#### [ASSIGNED TASK]
Without including any pictures, copy every line below exactly.
(Beginning of TASK INPUTS)
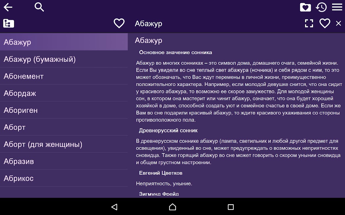 Это Справочник — Сонник — Толкование снов. Справочник работает в режиме ОФФЛАЙН и не требует интернет-соединения для работы.
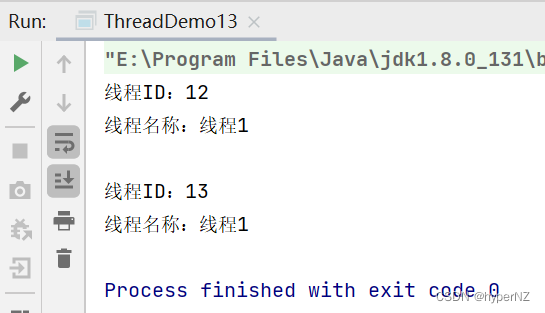 public class ThreadDemo13 {public static void main(String[] args) throws InterruptedException {Runnable runnable = new Runnable() {@Overridepublic void run() {//得到执行当前任务的线程Thread t = Thread.currentThread();//打印线程id(是long类型)System.out.println("线程ID:" + t.getId());//打印线程名称System.out.println("线程名称:" + t.getName());}};Thread thread = new Thread(runnable,"线程1");thread.start();Thread.sleep(500);System.out.println();Thread thread2 = new Thread(runnable,"线程1");thread2.start();}
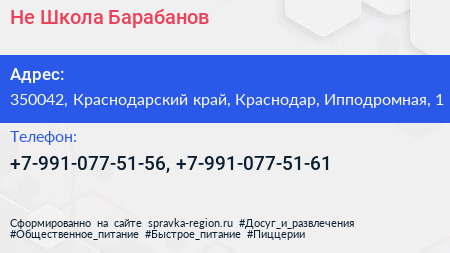 Не Школа Барабанов по адресу 350042, Краснодарский край, Краснодар, Ипподромная, 1 в дальнейшем Организация, размещена в следующих категориях:
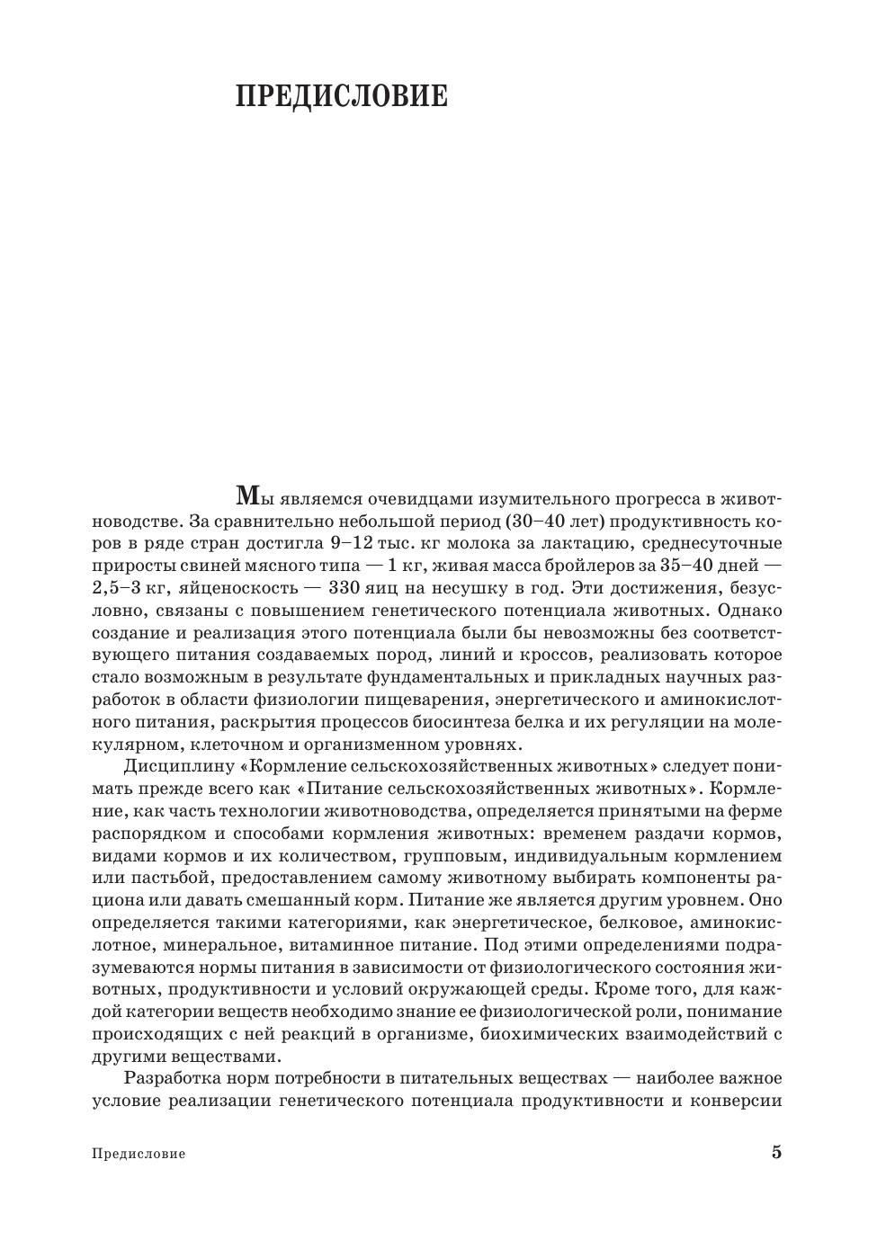 В учебнике изложены основные знания, а также достижения мировой науки и практики по питанию и кормлению сельскохозяйственных животных интенсивного типа продуктивности. Эти знания базируются на понимании процессов жизнедеятельности организма, биосинтеза продукции, их неразрывной взаимосвязи с физиолого-биохимическими процессами усвоения и обмена питательных веществ. Даны во многом новые методы оценки питательности кормов, определения потребности в энергии, белке, незаменимых аминокислотах.
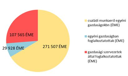 Megjegyzés: A Magyar mezőgazdaság és élelmiszeripar számokban 2016 (NAK) szerint 439.900 ÉME, a KSH 2018 szerint 405.000 ÉME. A KSH 2016 előzetes GSZÖ adatok szerint 416.000 ÉME. ÉME = évi 1800 óra tevékenység.
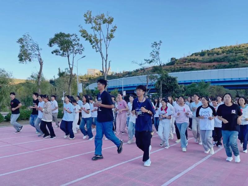 活动首先进行了青春健康知识讲解。专业老师通过生动讲解,普及了疾病预防、生殖健康等内容,提升了师生的健康意识和自我保护能力。在乐跑活动中。师生们佩戴着象征健康与希望的红丝带,迈开矫健的步伐,在足球场上奔跑。红丝带在阳光下随风飘扬,象征着青春的活力与对健康的追求。师生们相互鼓励、相互支持,充分展现了bat365师生积极向上、团结协作的精神风貌。
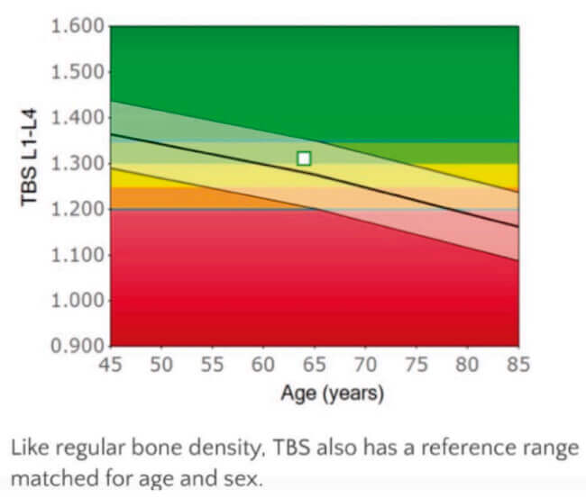 Los valores altos de TBS indican una buena arquitectura, mientras que los niveles más bajos indican degradación trabecular. Los rangos de referencia son:
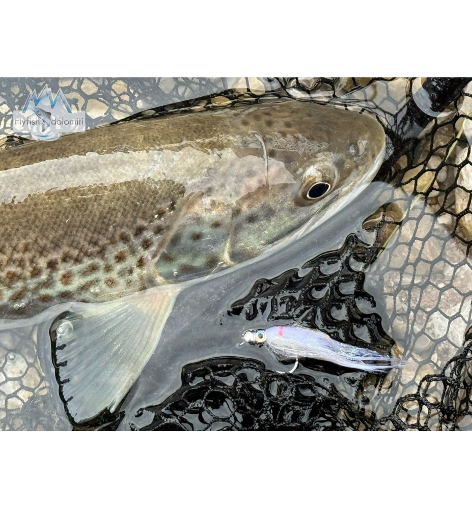 In questo caso circa 4,5 di imitazione di avannotto! Divertente ed efficace da usare in tutte quelle situazioni in cui è presente minutaglia, livelli dell'acqua medi o addirittura bassi e presenza di predatori che non disdegnano una presunta facile preda. Uno streamer gestibile anche con attrezzature leggere e pensato anche per tutti coloro che praticano l'Euronymphing!
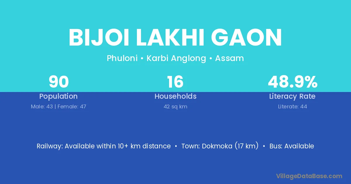 Dokmoka (17 km) is the nearest town to Bijoi Lakhi Gaon village for major economic activities and is located approximately 17 km away.
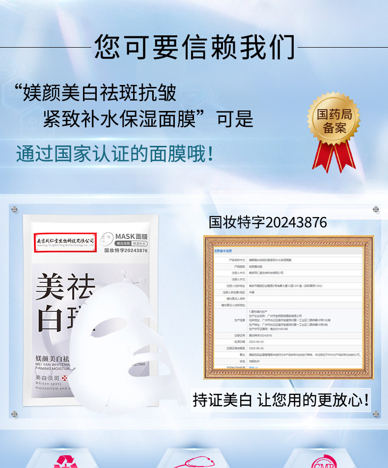 本店所有产品可按照要求定制贴牌,免费打样,免费包装设计,代理备案及送检等,一站式服务,让您轻松拥有自己的品牌。
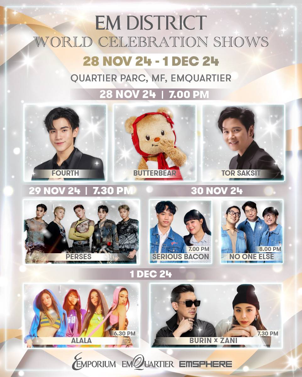 29 พฤศจิกายน 2567 – 1 ธันวาคม 2567 สนุกและสุขตั้งแต่เช้ายันดึกกับเซอร์ไพรส์สุดพิเศษมากมายจากเหล่าศิลปินชื่อดังในงาน “EM DISTRICT 1st Anniversary Big Surprise” กิจกรรมสุดพิเศษให้คุณได้ใกล้ชิดกับดารานักแสดงชื่อดังที่มารอต้อนรับพร้อมมอบของขวัญสุดพิเศษให้กับทุกคน และห้ามพลาด! มินิคอนเสิร์ตสุดมันของเหล่าศิลปิน T-POP สุดฮอต อย่าง PERSES, SERIOUS BACON, NO ONE ELSE, ALALA และ BURIN X ZANI พร้อม LIVE BAND ที่จะมาร่วมร้องเพลงและสร้างความทรงจำสุดพิเศษให้กับทุกคน ณ บริเวณลาน Quartier Parc ศูนย์การค้าเอ็มควอเทียร์
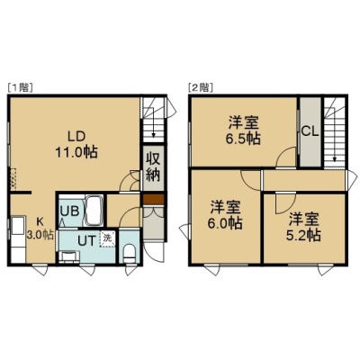 3LDK(73.54m²)└ 1階:LD11帖 K3帖 / 2階:洋室6.5帖 洋室6帖 洋室5.2帖
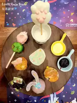 The desserts are very exquisitely shaped, this time mainly with Duffy and friends cartoon characters, rabbit StellaLou cake with the Easter theme, very cute and festive.
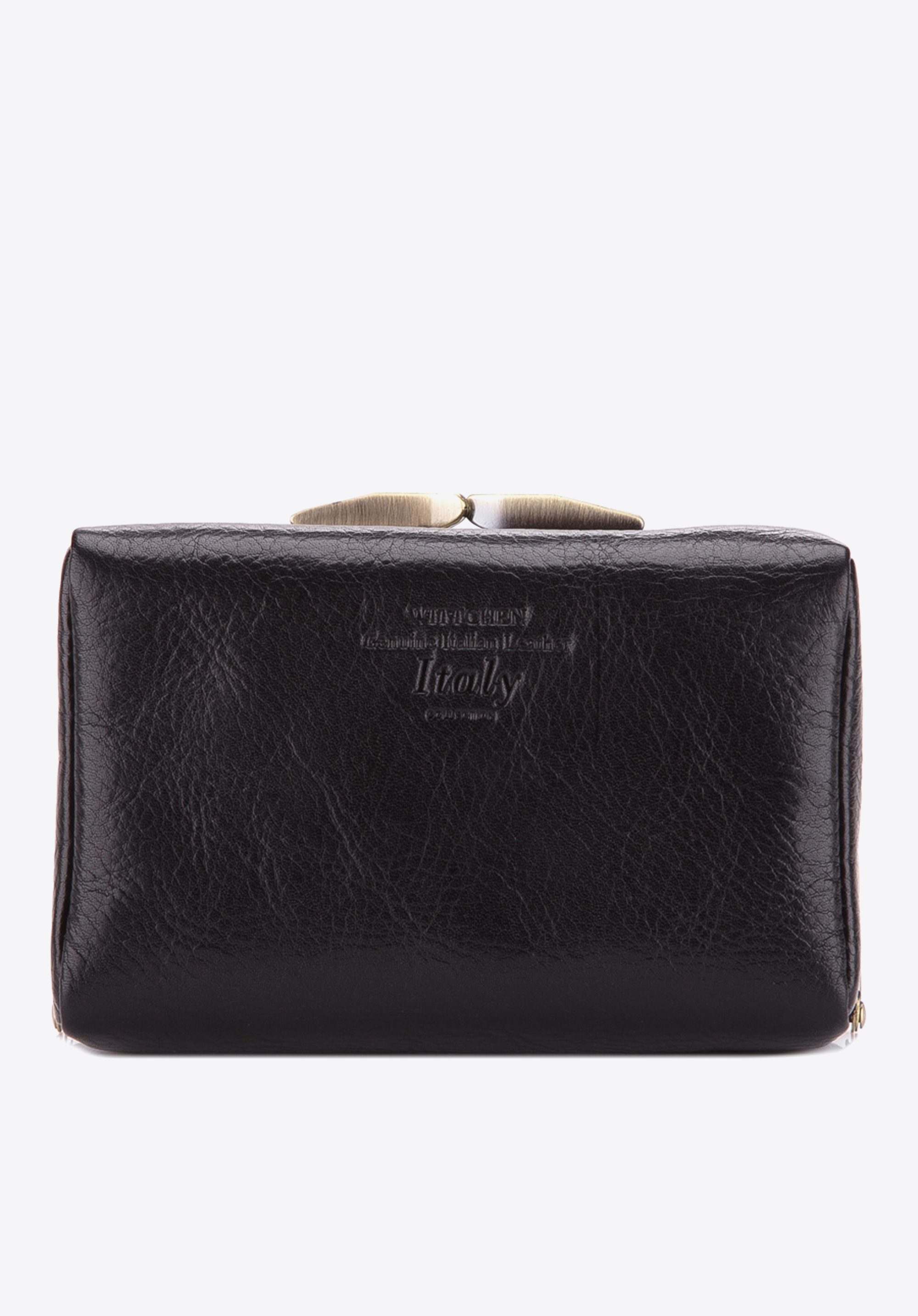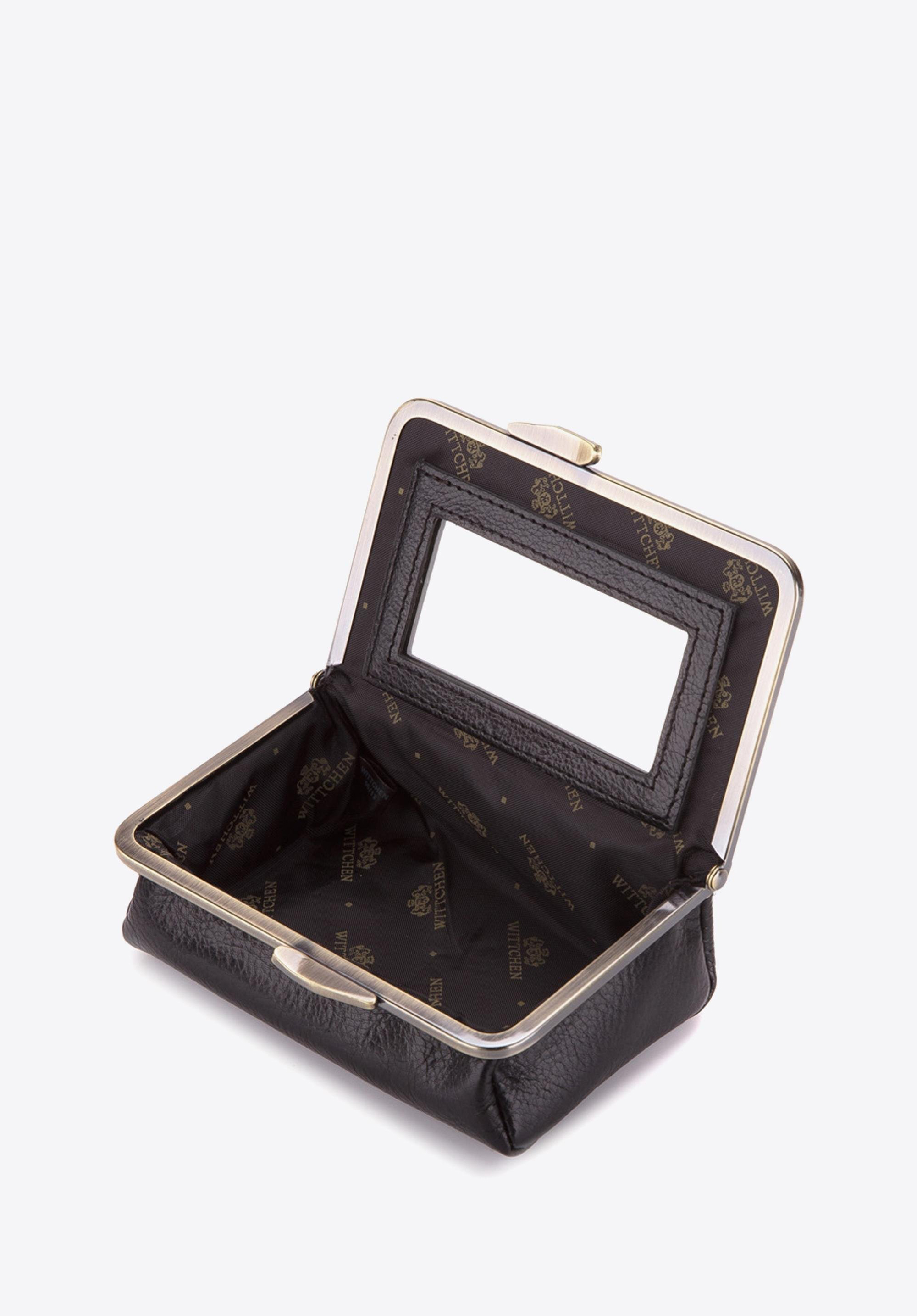 Geanta cosmetică elegantă fabricată din piele de vițel cu un luciu delicat este un accesoriu practic și stilat.Închiderea comodă cu cadru de culoarea aurului vechi îi conferă un aspect șic incomparabil.
(End of TASK INPUTS)
#### [WRITTEN RESPONSE]
 Это Справочник — Сонник — Толкование снов. Справочник работает в режиме ОФФЛАЙН и не требует интернет-соединения для работы.
 public class ThreadDemo13 {public static void main(String[] args) throws InterruptedException {Runnable runnable = new Runnable() {@Overridepublic void run() {//得到执行当前任务的线程Thread t = Thread.currentThread();//打印线程id(是long类型)System.out.println("线程ID:" + t.getId());//打印线程名称System.out.println("线程名称:" + t.getName());}};Thread thread = new Thread(runnable,"线程1");thread.start();Thread.sleep(500);System.out.println();Thread thread2 = new Thread(runnable,"线程1");thread2.start();}
 Не Школа Барабанов по адресу 350042, Краснодарский край, Краснодар, Ипподромная, 1 в дальнейшем Организация, размещена в следующих категориях:
 В учебнике изложены основные знания, а также достижения мировой науки и практики по питанию и кормлению сельскохозяйственных животных интенсивного типа продуктивности. Эти знания базируются на понимании процессов жизнедеятельности организма, биосинтеза продукции, их неразрывной взаимосвязи с физиолого-биохимическими процессами усвоения и обмена питательных веществ. Даны во многом новые методы оценки питательности кормов, определения потребности в энергии, белке, незаменимых аминокислотах.
 Megjegyzés: A Magyar mezőgazdaság és élelmiszeripar számokban 2016 (NAK) szerint 439.900 ÉME, a KSH 2018 szerint 405.000 ÉME. A KSH 2016 előzetes GSZÖ adatok szerint 416.000 ÉME. ÉME = évi 1800 óra tevékenység.
 活动首先进行了青春健康知识讲解。专业老师通过生动讲解,普及了疾病预防、生殖健康等内容,提升了师生的健康意识和自我保护能力。在乐跑活动中。师生们佩戴着象征健康与希望的红丝带,迈开矫健的步伐,在足球场上奔跑。红丝带在阳光下随风飘扬,象征着青春的活力与对健康的追求。师生们相互鼓励、相互支持,充分展现了bat365师生积极向上、团结协作的精神风貌。
 Los valores altos de TBS indican una buena arquitectura, mientras que los niveles más bajos indican degradación trabecular. Los rangos de referencia son:
 In questo caso circa 4,5 di imitazione di avannotto! Divertente ed efficace da usare in tutte quelle situazioni in cui è presente minutaglia, livelli dell'acqua medi o addirittura bassi e presenza di predatori che non disdegnano una presunta facile preda. Uno streamer gestibile anche con attrezzature leggere e pensato anche per tutti coloro che praticano l'Euronymphing!
 Dokmoka (17 km) is the nearest town to Bijoi Lakhi Gaon village for major economic activities and is located approximately 17 km away.
 本店所有产品可按照要求定制贴牌,免费打样,免费包装设计,代理备案及送检等,一站式服务,让您轻松拥有自己的品牌。
 29 พฤศจิกายน 2567 – 1 ธันวาคม 2567 สนุกและสุขตั้งแต่เช้ายันดึกกับเซอร์ไพรส์สุดพิเศษมากมายจากเหล่าศิลปินชื่อดังในงาน “EM DISTRICT 1st Anniversary Big Surprise” กิจกรรมสุดพิเศษให้คุณได้ใกล้ชิดกับดารานักแสดงชื่อดังที่มารอต้อนรับพร้อมมอบของขวัญสุดพิเศษให้กับทุกคน และห้ามพลาด! มินิคอนเสิร์ตสุดมันของเหล่าศิลปิน T-POP สุดฮอต อย่าง PERSES, SERIOUS BACON, NO ONE ELSE, ALALA และ BURIN X ZANI พร้อม LIVE BAND ที่จะมาร่วมร้องเพลงและสร้างความทรงจำสุดพิเศษให้กับทุกคน ณ บริเวณลาน Quartier Parc ศูนย์การค้าเอ็มควอเทียร์
 3LDK(73.54m²)└ 1階:LD11帖 K3帖 / 2階:洋室6.5帖 洋室6帖 洋室5.2帖
 The desserts are very exquisitely shaped, this time mainly with Duffy and friends cartoon characters, rabbit StellaLou cake with the Easter theme, very cute and festive.
 Geanta cosmetică elegantă fabricată din piele de vițel cu un luciu delicat este un accesoriu practic și stilat.Închiderea comodă cu cadru de culoarea aurului vechi îi conferă un aspect șic incomparabil.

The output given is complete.